FIGURE 3. Graphical user interface of the KARGAMobile app. The figure shows (left to right) the start menu, configuration, file selection and run screens.

Visualizing results

When the ARG analysis is done, the app enables the ‘Show Results’ button that can be seen in the rightmost screen in Figure 3. It is also at this point that the system automatically creates and stores a comma-separated value file with every identified ARG in the default app location folder. This file can be kept for future reference and can also be sent to others. When the ‘Show Results’ button is pressed, the user is taken to the results screen, which can be seen in the first image in Figure 4. The results screen tab menu give the user three different options: “Genes”, “Classes”, and “Export’, with the “Genes” tab selected by default. In this first tab, the user is presented with the resulting ARG list. To display the ARG list directly in screen, the app makes use of a memory efficient solution provided by Android Jetpack’s RecyclerView (https://developer.android.com/guide/topics/ui/layout/recyclerview). With this component, the system is able to dynamically display large lists of items that only consume phone resources when the objects are being rendered on screen. Each item that comes into view is then displayed by automatically parsing all the ARG information into another Android component, called a CardView object. Using CardView works as a convenient graphical template that maintains a normalized visual aesthetic, which can also be easily modified in future app versions. In our tests, we were able to render ARG lists with approximately 5,000 different objects without delays when scrolling through the item collection. When the user taps the second tab, “Classes”, the app displays a bar graph that represents the top 10 most frequent ARG classes in the list, as seen in the second image of Figure 4. This graph can be easily explored and manipulated using common touch gestures such as the two-finger pinch, which allows the user to zoom-in and out on their element of choice.
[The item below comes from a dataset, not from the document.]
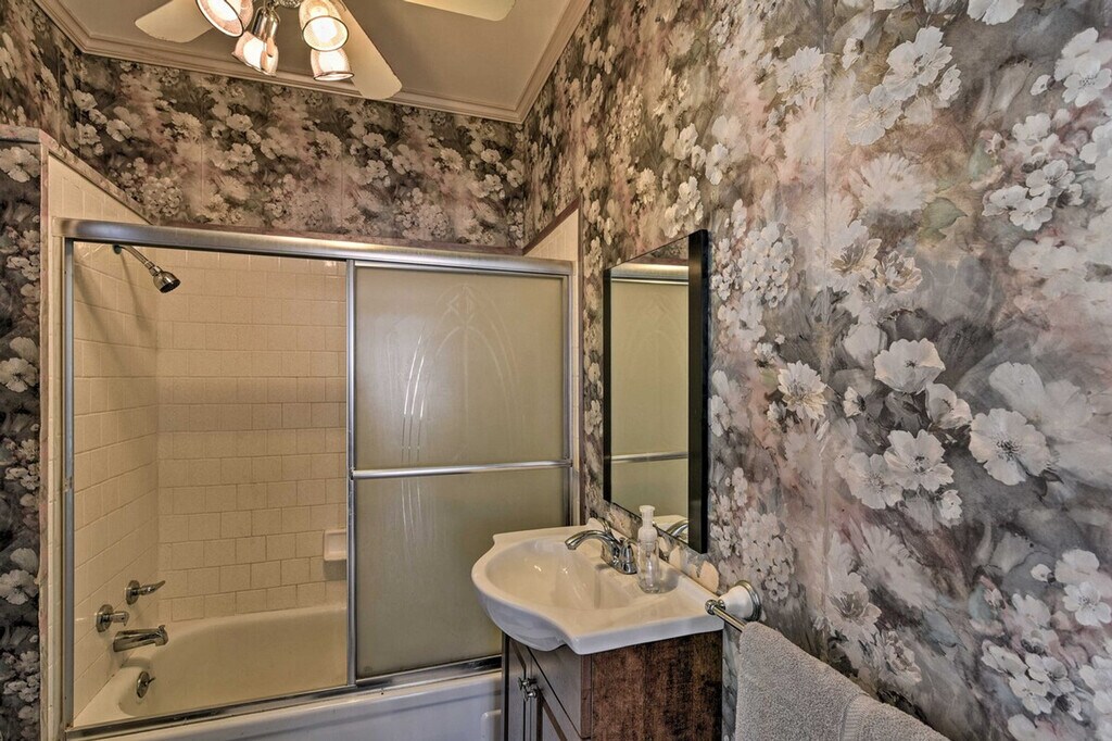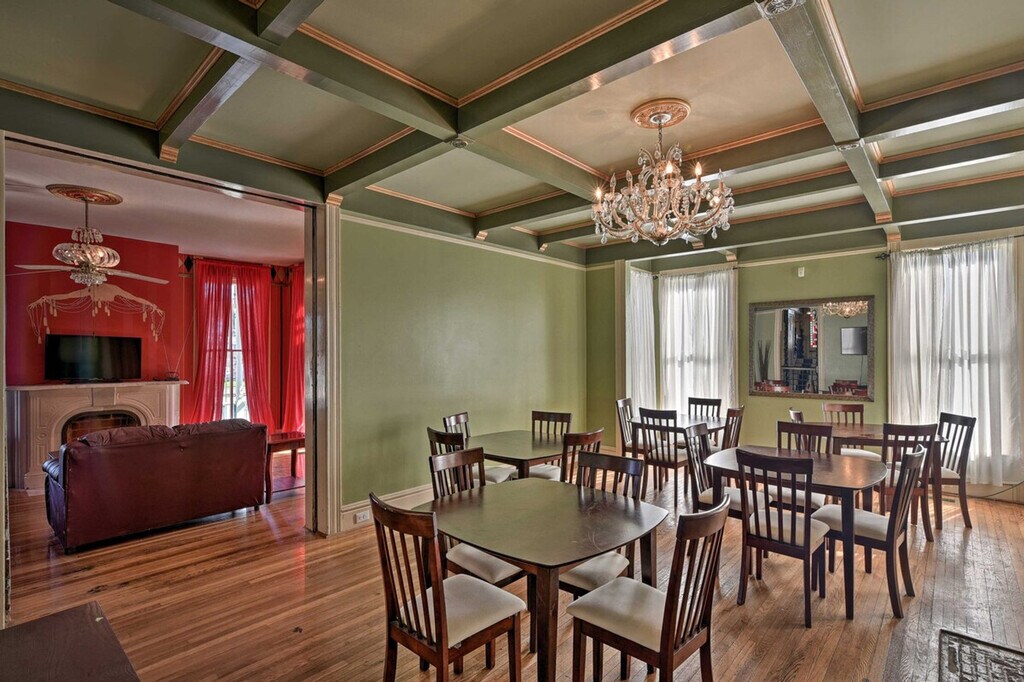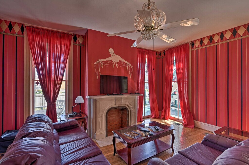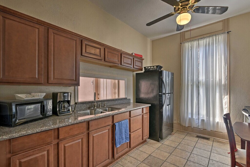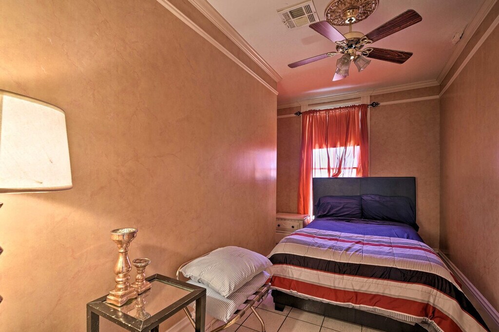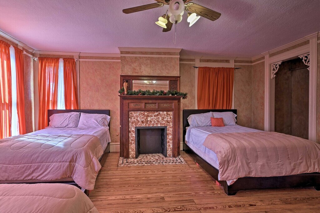 Feel at home in this Galveston vacation rental, aptly named 'Gingerbread House,' boasting old-fashioned Victorian charm, a wraparound deck, and hardwood floors. This spacious 3-bedroom, 1-bathroom home is centrally located on a corner lot. This fully outfitted home features flat-screen cable TVs, two living areas, a pool table, and a large dining room with five tables. The well-equipped kitchen includes two stoves/ovens, two drip coffee makers, a blender, and a beverage dispenser. Enjoy the convenience of free Wi-Fi, linens and towels, air conditioning, central heating, an enclosed yard, two porches, and charcoal and gas grills. Parking is available in the garage for two vehicles and in the driveway for four vehicles. Pets are welcome with a fee of $25. Located on Broadway, this home provides easy access to the rest of the island. Attractions including historic homes, Port of Galveston Cruise Terminal, Schlitterbahn, and Moody Gardens are never far away. The Galveston Island Historic Pleasure Pier and waterfront are just 1 mile away. No events, parties, or large gatherings are allowed. [SI]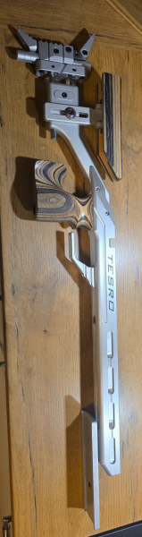 Aluschaft von Tesro inkl Auflage Keil aus Alu der in der Neigung links rechts verstellbar.

Also when selected, each bar in the graph will be highlighted in a different color and indicate the ARG class that it represents. Finally, the last tab in the Results section, ‘Export’, provides the user with the sharing functionality, which in turn leverages underlying Android capabilities (https://developer.android.com/training/secure-file-sharing/share-file), as seen on the last two images in Figure 4. With this feature, the user can send the ARG list to any of the different apps in their phone, be it messaging, e-mail, collaboration and work, or cloud-storage.

FIGURE 4
www.frontiersin.org

FIGURE 4. Screenshots of the KARGAMobile app after completing a run, showing (from left to right) the ARG coverage and depth summaries in textual mode, the visual charts of ARGs grouped by AMR classes, and the export/sharing data options.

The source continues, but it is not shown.